National Institute of Standards and Technology (NIST) Labs. The Administration urges the Congress to support increased funding for high priority research initiatives at the NIST labs proposed in the FY 2017 Budget request. These initiatives allow NIST to conduct the research necessary to strengthen U.S. leadership in the industries of the future, such as advanced communications, quantum computing, and advanced manufacturing. The Administration notes that the bill provided $24 million more than requested for lab construction and believes these funds would be better directed to the new research initiatives proposed in the FY 2017 Budget request.

National Oceanic and Atmospheric Administration (NOAA). The Administration appreciates the Committee's support for NOAA's observational infrastructure, including high priority weather and next generation polar satellites, and urges the Congress also to support critical investments in climate and oceans research. These investments, such as Arctic observations, the Climate Resilience Toolkit, and ocean acidification, provide information to help communities around the United States prepare for the effects of natural disasters and other ramifications of climate change and provide the science necessary to inform their preparations.

National Aeronautics and Space Administration (NASA)

Funding Balance. The Administration appreciates the Committee's robust overall funding level for NASA. However, the Administration is deeply concerned that the bill adds more than $1 billion above the FY 2017 Budget request for the SLS rocket and Orion capsule while underfunding other key NASA programs. Continued congressional focus on these large-scale development programs at the expense of the technologies and capabilities needed to make space exploration affordable and future missions achievable would result in an unbalanced exploration program that is unable to achieve shared exploration goals.

Exploration R&D. The Administration strongly urges the Congress to fully fund the FY 2017 Budget request for Exploration R&D, including funds to initiate a public/private partnership to create a deep space habitat and to proceed with the Asteroid Redirect Mission. Underfunding the request would leave the SLS and Orion without missions and needed capabilities when their testing is complete.

Space Technology. The Administration urges the Congress to fully fund the FY 2017 Budget request for NASA Space Technology. Compared to the request, the bill reduces funding for these investments by $140 million, or 17 percent, and includes programmatic direction that further reduces the funding available for planned missions. Impacts would likely include delaying development of a cutting-edge laser communication system, advanced, high power solar electric propulsion, and other space technology demonstrations, slowing progress on the journey to Mars, and reducing the international competitiveness of the U.S. commercial space industry.

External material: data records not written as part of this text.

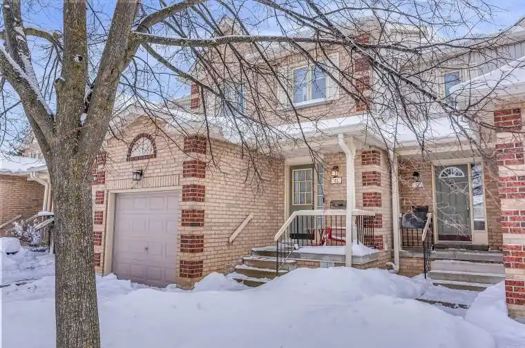 Prime Location Townhouse! Discover the perfect blend of convenience and character in this spacious townhouse, Situated directly on the bus line and just moments from the University of Guelph and Stone Road Mall, this home offers an unbeatable location for students, investors, or first-time buyers. Step inside to a layout that truly stands out. The main floor features durable laminate flooring and a striking spiral staircase that acts as a central focal point. Elegant French doors separate the foyer from the living room, creating a cozy atmosphere highlighted by a charming corner fireplace. The spacious kitchen comes equipped with a dishwasher and flows naturally toward a 2-piece powder room and a walk-out to your own private patio. Upstairs, you will find three spacious bedrooms, including a primary suite with ensuite privileges and ample closet space. The fully finished basement expands your living space significantly, featuring a large recreation room, a 3-piece bathroom, laundry facilities, and a versatile den that serves perfectly as a home office or spare bedroom. Complete with a forced air gas furnace, a single attached garage, and a private driveway, this home checks every box. With one of the best layouts in the complex, this opportunity won’t last long.
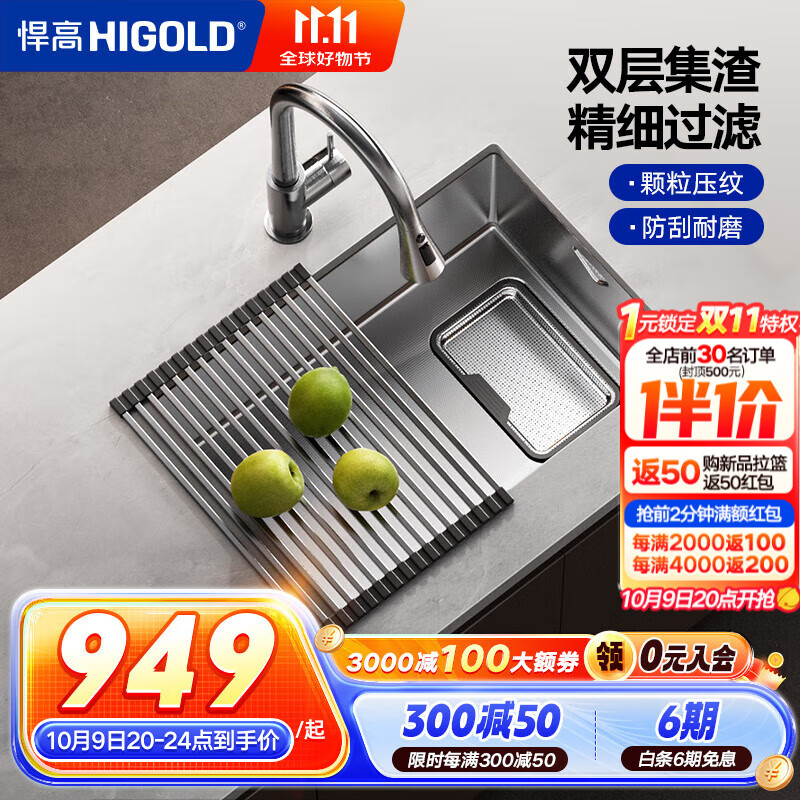 悍高(HIGOLD)厨房水槽304不锈钢手工大单槽家用台上台下洗菜盆洗碗槽水池 60*43cm|劲滤集渣-三功能抽拉
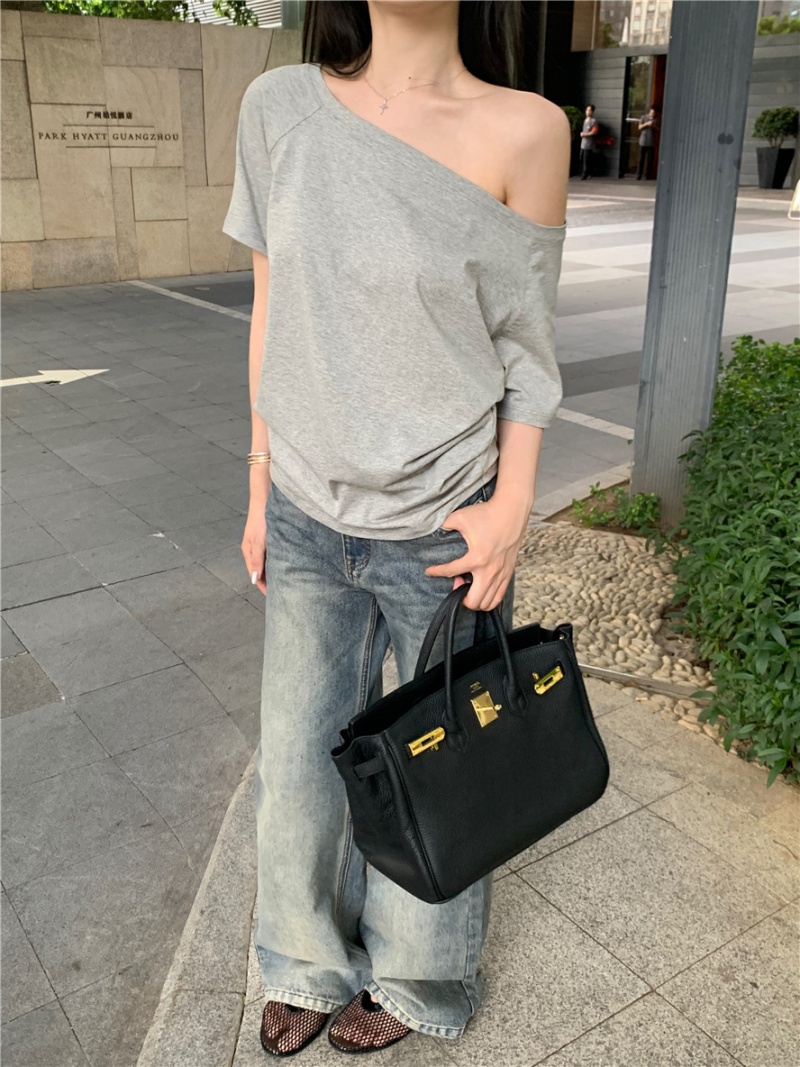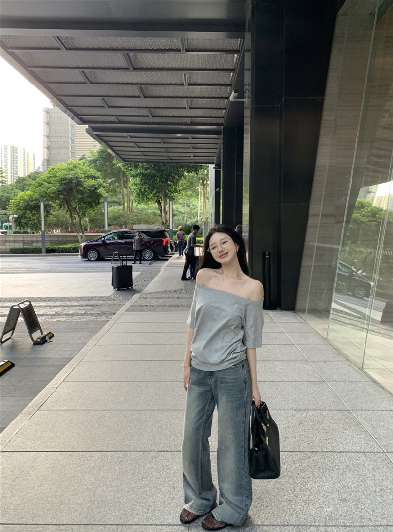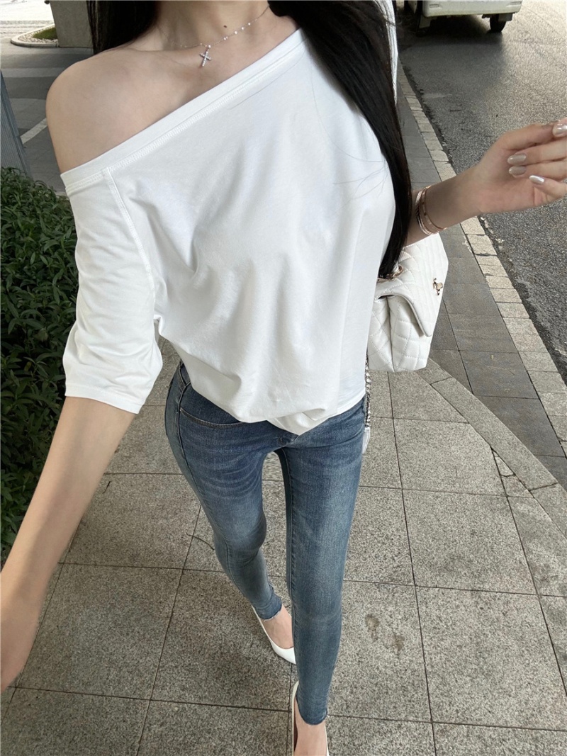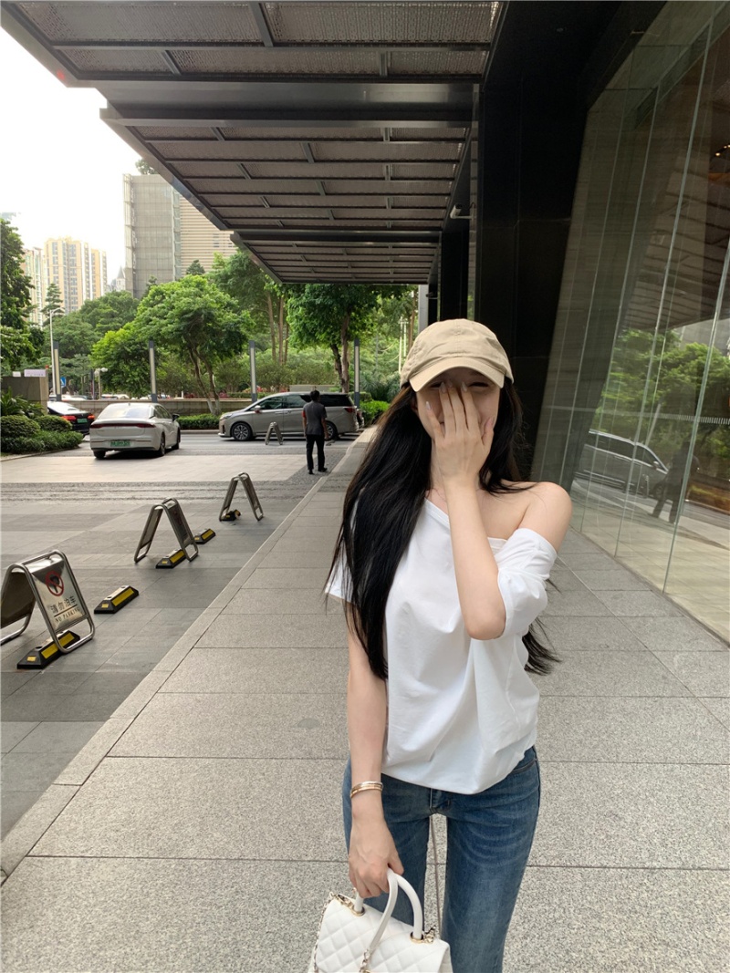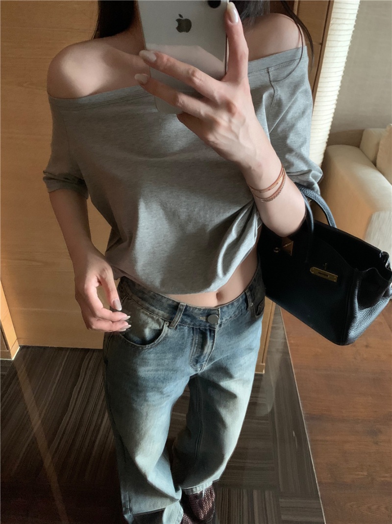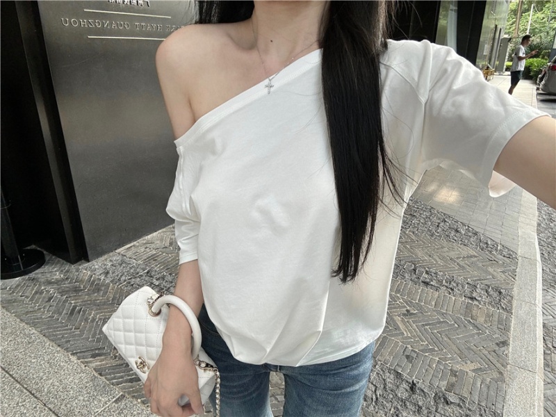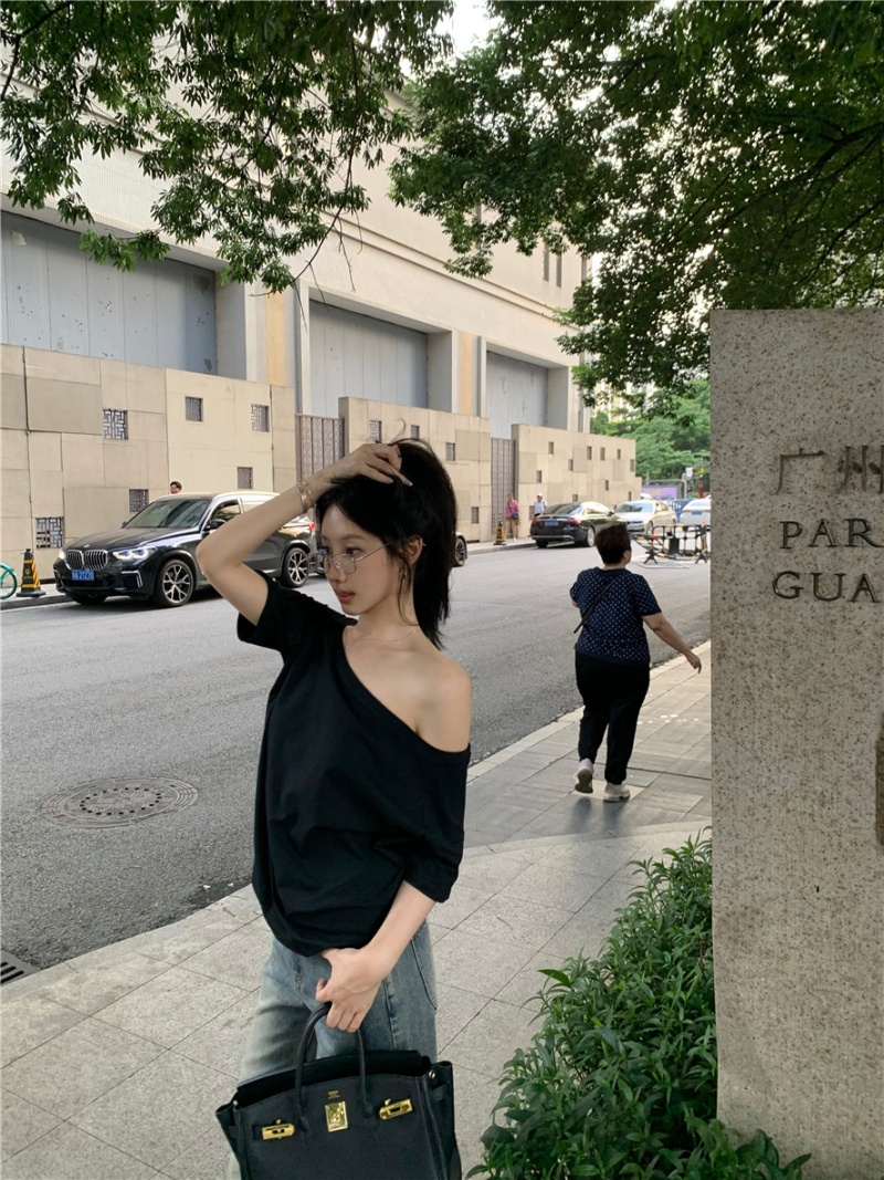 辣妹斜肩短袖宽松T恤女2025夏季新款休闲不规则纯色百搭学生上衣

Aeronautics. The Administration urges the Congress to fully fund the FY 2017 Budget request for Aeronautics. The bill's reduction of $190 million from the request would likely force NASA to abandon its new series of experimental aircraft intended to make aircraft faster, greener, and more efficient and to ensure the U.S. aerospace industry's leadership.

Science. The Administration urges the Congress to fully fund the FY 2017 Budget request for NASA Science programs. Compared to the request, the bill reduces funding by over $200 million, potentially delaying or cancelling space science missions in development, terminating operating missions, and reducing new funding for research grants.

National Science Foundation (NSF)

Agency Operations and Award Management. The Administration is concerned that the bill underfunds the required costs associated with the agency's plans to move its headquarters in FY 2017 and would therefore impact the agency's ability to carry out its mission.

Major Research Equipment and Facility Construction. The Administration is concerned that the Committee provided $53 million more than requested for the Major Research Equipment and Facility Construction account and believes these funds would be better directed to other NSF initiatives.